Elsa regresaba a su oficina de mucho mejor humor, de alguna manera la presencia de Jack la había hecho olvidar por completo la humillación y furia que sentía contra sus compañeros de trabajo hace poco menos de una hora.
Estaba feliz, y se dio cuenta de que llevaba semanas sin sentirse de esa manera. Por primera vez desde que había llegado a esa ciudad le agradaba alguien. No demasiado, pero si lo suficiente como para que fuera divertido pasar una tarde con él.
La idea de divertirse la sorprendía, aunque… no estaba segura del todo de lo que era divertirse y aunque Jack había hecho todo lo posible por evitar los temas sexuales y hacerlos a un lado, no terminaba de confiar en que el chico no intentara llevársela a la cama, después de todo, los humanos eran humanos y tenían necesidades. No estaba segura de como sentirse respecto a eso.

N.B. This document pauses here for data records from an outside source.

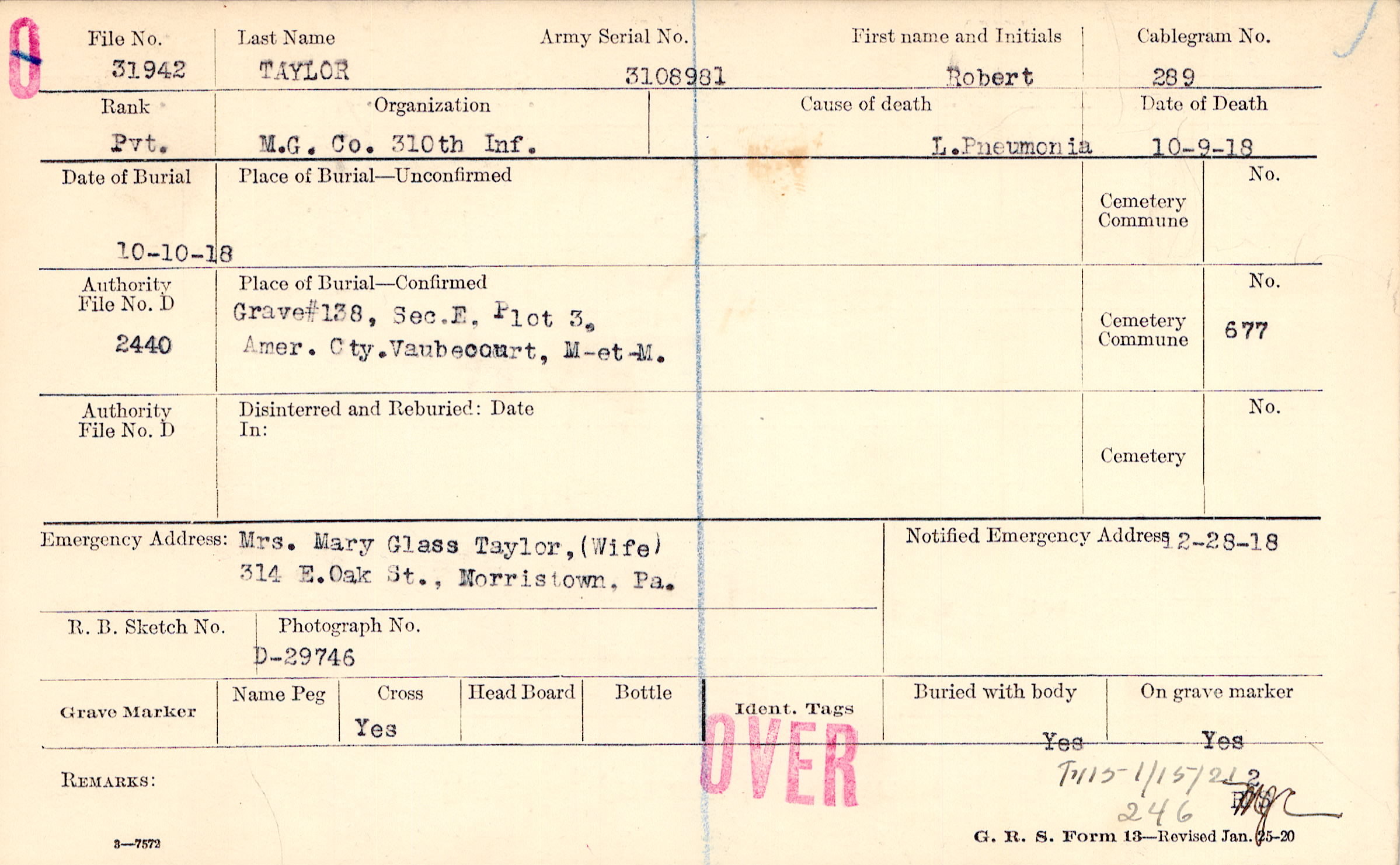 Mrs. Mary Glass Taylor, (Wife), 314 E. Oak St., Morristown, Pa.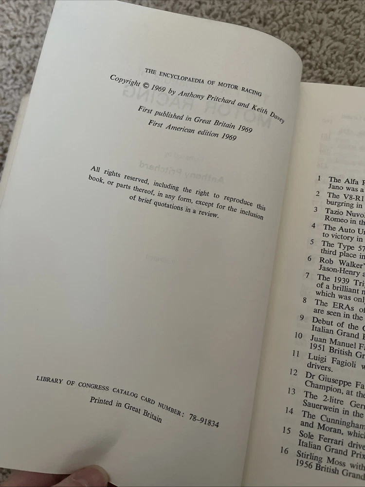 Dive into the thrilling world of motor racing with "The Encyclopedia of Motor Racing" by Anthony Pritchard and Keith Davey. A treasure for enthusiasts and historians alike, this 1969 first edition is an authoritative guide to the exhilarating realm of auto racing. With its comprehensive content and captivating illustrations, it's a must-have for any serious collector or fan of the genre. This hardcover gem, published by David McKay, boasts a dust jacket that adds to its charm and historical value. The book is replete with enthralling accounts and insightful information, making it an exceptional find for those passionate about motor sports. Its place in the annals of literature is secured by its originality, and it's sure to be a standout addition to any library.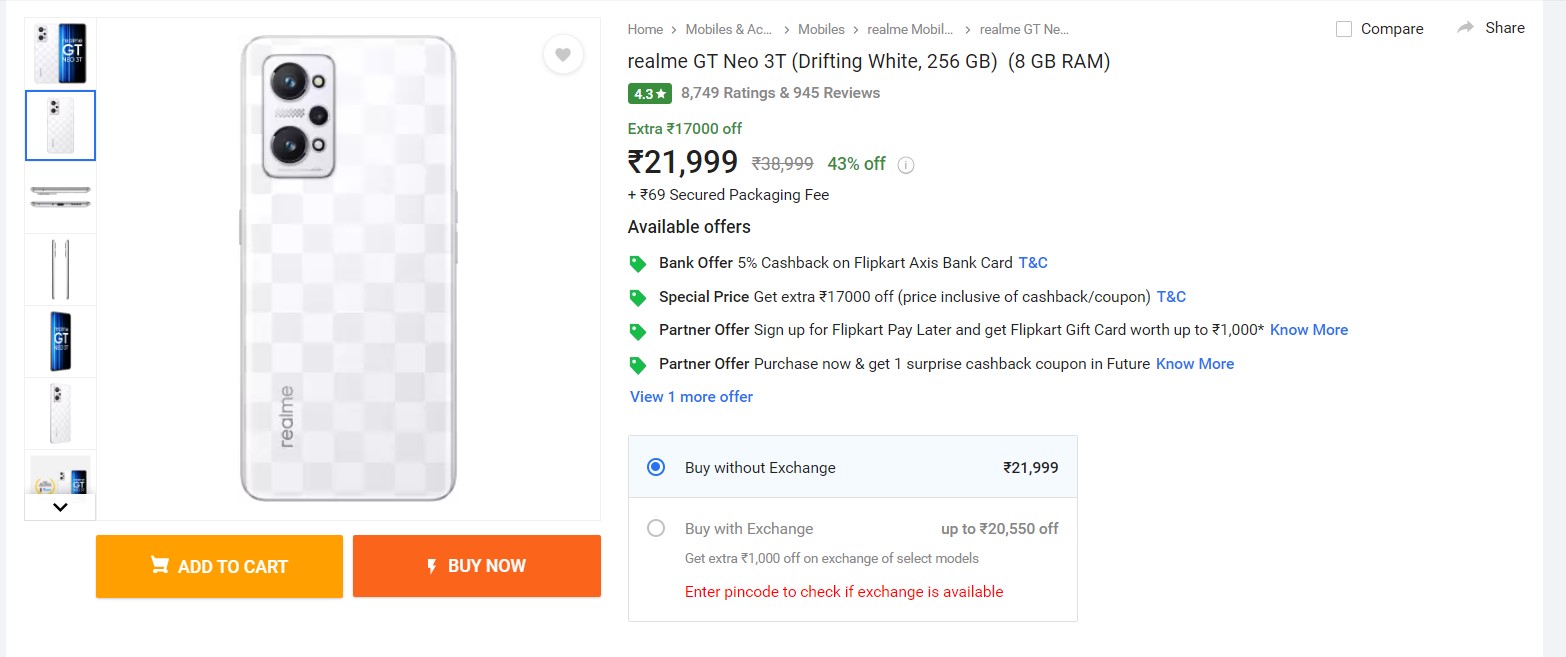 39 हजार वाले Realme GT Neo 3T फोन पर बंपर डिस्काउंट, मात्र 1449 रुपये में खरीदने का मिल रहा मौका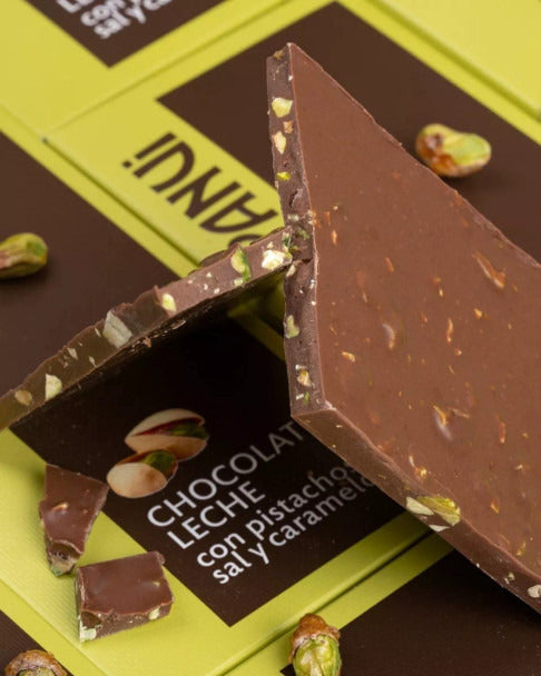 Pampa Direct Rapanui Milk Chocolate Pistachio Salt & Caramel Bar, 100 g / 3.53 oz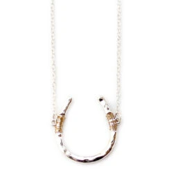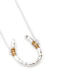 Bold yet delicate, this statement piece from Wyo-Horse will look great with everything, especially your favorite denim and boots. The necklace features a horseshoe with wrapped wire and hangs from a chain.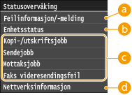 , vises et skjermbilde som lar deg sjekke fremdriften for dokumenter som skrives ut, sendes eller mottas, samt statusen til maskinen (gjenværende toner osv.) og nettverksinnstillingene som for eksempel maskinens IP-adresse.

Por un lado, no era como que nunca hubiera realizado el acto. Era una mujer adulta después de todo, pero no sentía que era lo que realmente quería en esta situación en la que se había metido, Jack le agradaba, aunque lo negara, en el fondo el chico le agradaba, pero, ¿él estaba buscando una amistad o un romance? Y lo más importante, ¿Qué estaba buscando ella?
Elsa llego ante su escritorio sin haber logrado responder esa cuestión. El resto de la mañana y parte de la tarde pasó mucho más rápido y alegre y cuando se dio cuenta ya estaba de camino a su departamento, indecisa en si arreglarse o no, y sin haber notado ninguna de las miradas extrañadas de sus compañeros de trabajo cuando se salió de la oficina.
Su guardarropa era mayormente azul, negro y blanco, hasta ese momento no lo había notado, tomo un suéter color celeste antes de percatarse de que no tenía ni idea de adonde irían, ¿Debía ponerse falda o pantalones? después de todo, se suponía que era una salida amistosa, pero una parte de ella no dejaba de pensar que tarde o temprano terminarían Jack y ella en la misma cama.
Al final opto por unos cómodos pantalones azules y una blusa blanca muy primaveral. Dio un respingo cuando escuchó como tocaban a su puerta y Jack preguntaba por ella, aunque no hubiera dicho su nombre con esa voz traviesa que lo caracterizaba, ¿Quién más podía ser?, ni siquiera la habían venido a ver a su departamento para temas del trabajo, de hecho, está era la primera visita que recibía desde que había llegado a Burgess.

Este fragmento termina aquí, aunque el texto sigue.